Occhi

Una volta mi hai detto che l’occhio umano è l’invenzione più solitaria di Dio. Tutto il mondo che attraversa la pupilla eppure la pupilla non trattiene niente. L’occhio, da solo nella sua orbita, non sa neanche che ce n’è un altro proprio come lui, a pochi centimetri di distanza, altrettanto affamato, altrettanto vacuo.

Così parla dell’occhio Ocean Vuong nel suo romanzo Brevemente risplendiamo sulla terra.

L’occhio è uno dei modi in cui noi accediamo al mondo ed è il punto in cui il mondo entra ma non ci resta. La vista contiene ma non trattiene, come un vaso dal fondo bucato in cui possono scrosciare cascate d’acqua ma non vi rimane, alla fine, nemmeno una goccia. Per questo sistemiamo quello che vediamo, guardiamo, osserviamo, nei due contenitori – in questo caso specifico dovremmo coniare la parola nuova “trattenitori” – per eccellenza, protagonisti della scorsa Officina: cuore e cervello.

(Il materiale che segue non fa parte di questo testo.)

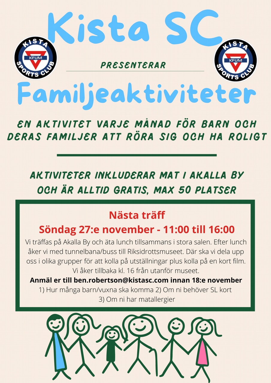Vi träffas på Akalla By och äta lunch tillsammans i stora salen. Efter lunch åker vi med tunnelbana/buss till Riksidrottsmuseet. Där ska vi dela upp oss i olika grupper för att kolla på utställningar plus kolla på en kort film. Vi åker tillbaka kl. 16 från utanför museet.
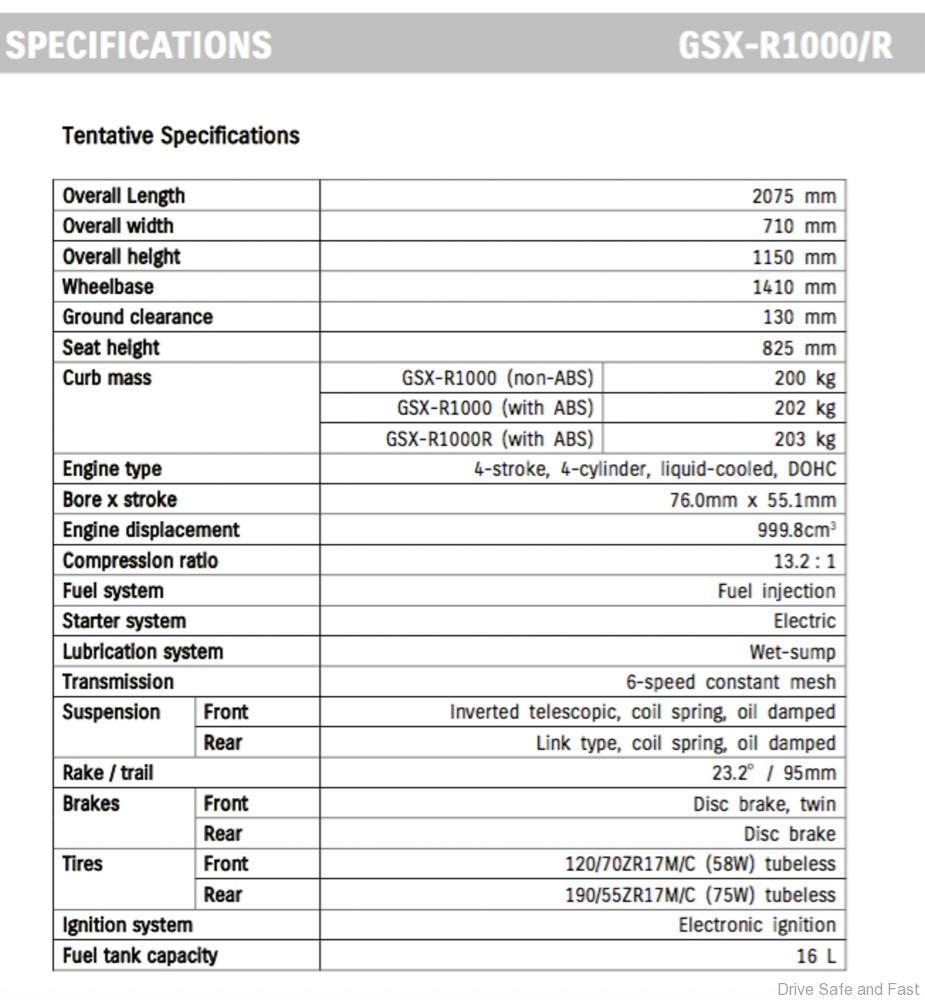 – Vehicle weight: 200kg/202kg (ABS variant)/203kg (GSX-R1000R)
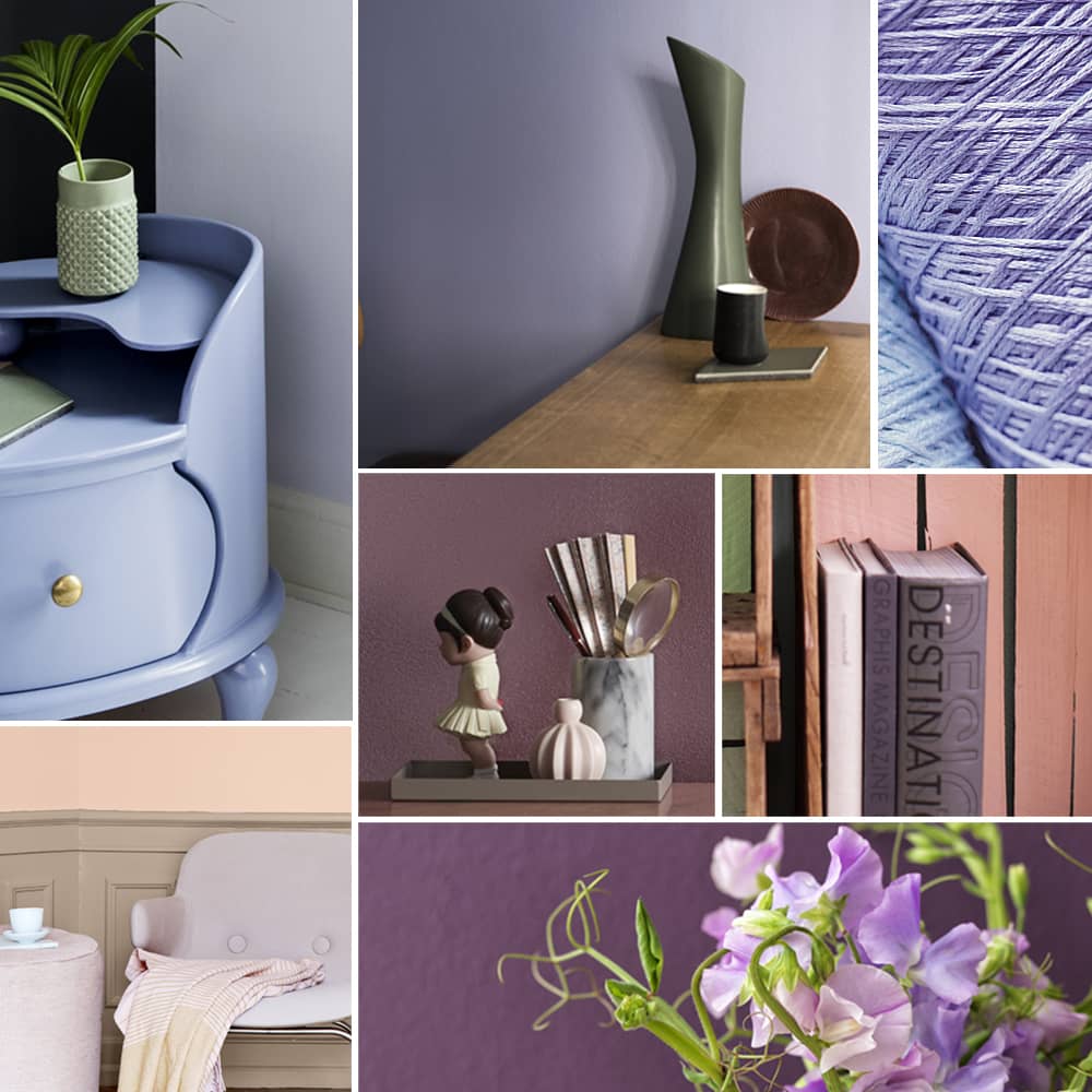 Ønsker du at nedtone det feminine udtryk, kan du eksempelvis tilsætte mørke træsorter og brune farver i indretningen. Sætter du lilla sammen med brune eller orange nuancer, skaber du et smukt, nutidigt retrounivers med referencer til 1970’erne.

1. Gli occhi come un varco

“Santa Lucia, per tutti quelli che hanno gli occhi e un cuore che non basta agli occhi” scrive De Gregori nella sua canzone dedicata alla protettrice della vista. Quante volte ci sembra che il nostro cuore non riesca a sopportare il peso di quello che vede o ri-vede: una sofferenza inaudita; una crudeltà disumana; un desiderio impossibile; un’occasione persa; il viso di un amore non corrisposto. “Non riesco nemmeno a guardare” e chiudiamo gli occhi o distogliamo lo sguardo per interrompere la connessione tra noi e quella scena.

Gli occhi infatti non sono solo un sentiero che porta dentro di noi, ma anche un passaggio per esternare qualcosa che ci cresce nel profondo. I nostri sentimenti, le emozioni, le sensazioni. “Uno sguardo vale più di mille parole”.

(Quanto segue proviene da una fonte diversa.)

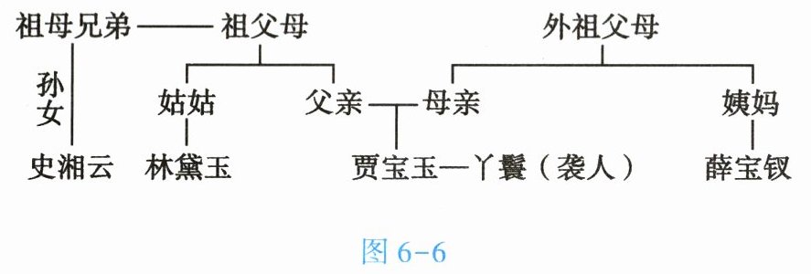 19. 《红楼梦》是以贾宝玉和林黛玉的爱情悲剧为主线的古典名著,书中人物众多,图 6 - 6 展示了部分人物与贾宝玉的关系。根据我国民法典规定,下列人物中可以与宝玉结婚的是
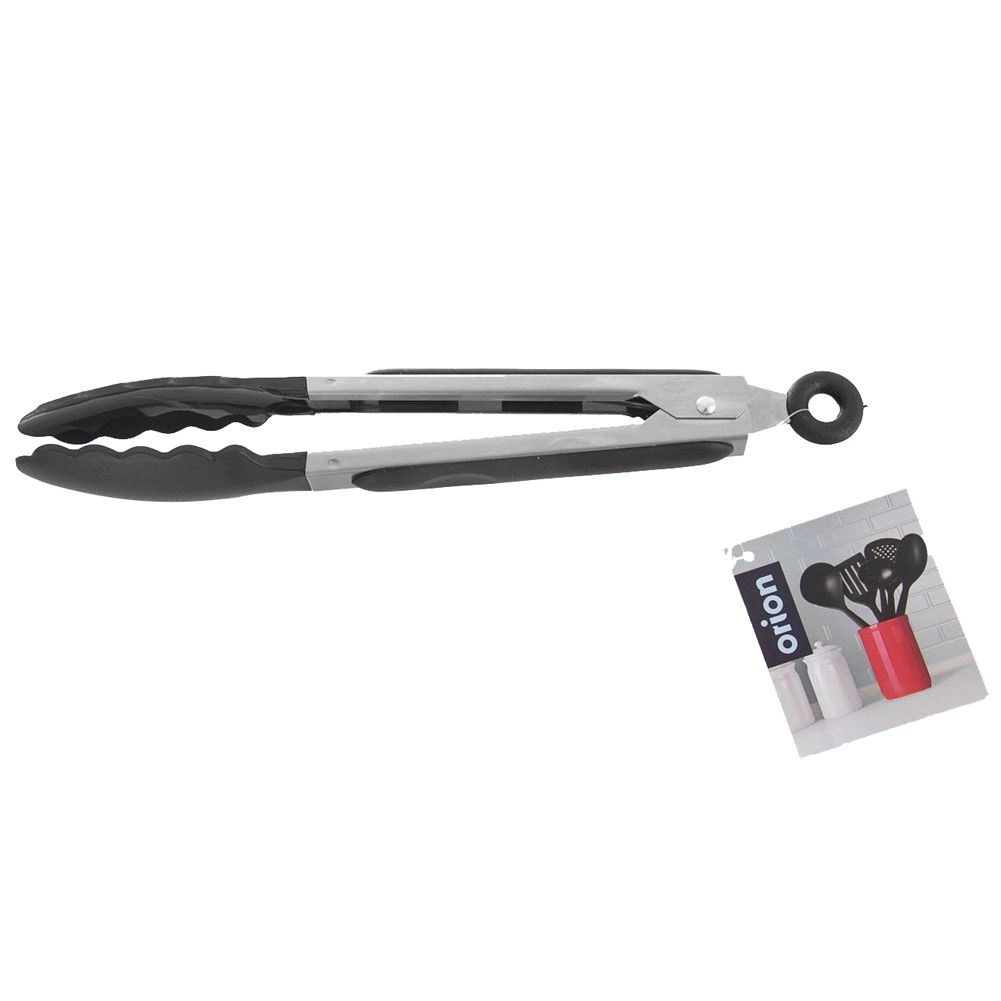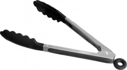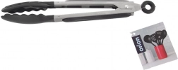 Praktikus konyhai fogó, amely kiválóan alkalmas forgatáshoz, tálaláshoz és ételek kiemeléséhez. A masszív rozsdamentes acél test stabil fogást ad, míg a bordázott szilikon végek biztonságosan tartják az ételeket, és nem karcolják a teflon-, kerámia- vagy más tapadásmentes felületeket. Az integrált fül akasztóként és zárként is működik a helytakarékos tárolásért.
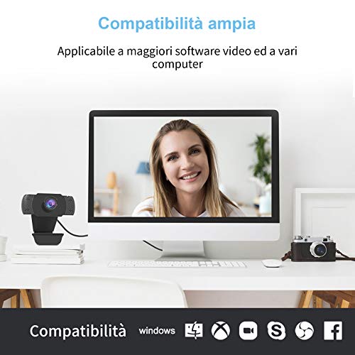 ◆【Webcam 1080P USB con Immagine ad alta definizione da 2 Megapixel】 La webcam per PC è dotata di una risoluzione 1080P e di un obiettivo da 2 Megapixel. Grazie alla tecnologia avanzata di compressione H.264, la webcam ti offre un tempo fantastico con immagine nitida a 30fps e una migliore visualizzazione con un grandangolo di 90°.
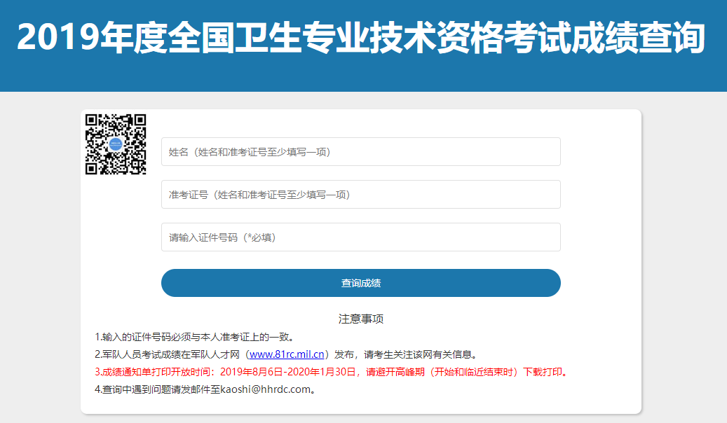 2019年兒科主治醫(yī)師成績通知單打印開放時間:2019年8月6日-2020年1月30日,請避開高峰期(開始和臨近結(jié)束時)下載打印。

Nel dipinto di Alexandre Cabanel, L’angelo caduto, è raffigurato Lucifero dopo essere stato cacciato da Dio dal paradiso ed esiliato negli Inferi. Non ci occorre vedere il suo viso, che affiora appena dalle braccia, per capire cosa stia provando perché è il suo sguardo che racconta. Gli occhi sono ridotti a due fessure ma si percepiscono tutta l’ira, la tristezza, la sofferenza e la follia mescolate in quella lacrima che simile ad una perla si stacca dall’occhio destro. Si crea così sulla tela uno spiraglio nell’intimità di Lucifero.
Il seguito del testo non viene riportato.